Takeda announced that the US Food and Drug Administration (FDA) has accepted its New Drug Application (NDA) for oveporexton and granted it Priority Review for the treatment of narcolepsy type 1 (NT1), a rare chronic neurological disorder. The FDA has set a Prescription Drug User Fee Act (PDUFA) target action date in the third quarter of this calendar year.

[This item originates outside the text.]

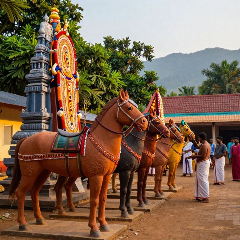 Ayyanar statue in a rural South Indian temple courtyard, large clay horses lined up, intricate decorations, villagers performing a colorful festival ritual, rich cultural setting with lush greenery and mountain backdrop, warm golden hour lighting

Oveporexton is an investigational oral orexin receptor 2 (OX2R)-selective agonist designed to address the underlying cause of NT1, orexin deficiency, by restoring orexin signalling. If approved, it could become the first orexin agonist therapy available for people living with NT1, potentially transforming the current treatment landscape.

Narcolepsy type 1 is characterised by excessive daytime sleepiness and cataplexy, a sudden loss of muscle tone. The condition can significantly impair daily functioning, affecting work, education and social interactions. Despite available therapies, many patients continue to experience persistent symptoms, highlighting a substantial unmet medical need.

The NDA submission is supported by data from the global phase III FirstLight and RadiantLight trials. The studies demonstrated statistically significant and clinically meaningful improvements across multiple endpoints, including wakefulness, excessive daytime sleepiness, cataplexy, attention, quality of life and daily functioning. Results showed patients achieving near-normal ranges across a broad spectrum of symptoms. Oveporexton was generally well tolerated, with the most commonly reported adverse events being insomnia, urinary urgency and urinary frequency.

Oveporexton has previously received Breakthrough Therapy designation from the US FDA and China’s National Medical Products Administration (NMPA) for excessive daytime sleepiness in NT1, as well as Sakigake designation from Japan’s Ministry of Health, Labour and Welfare.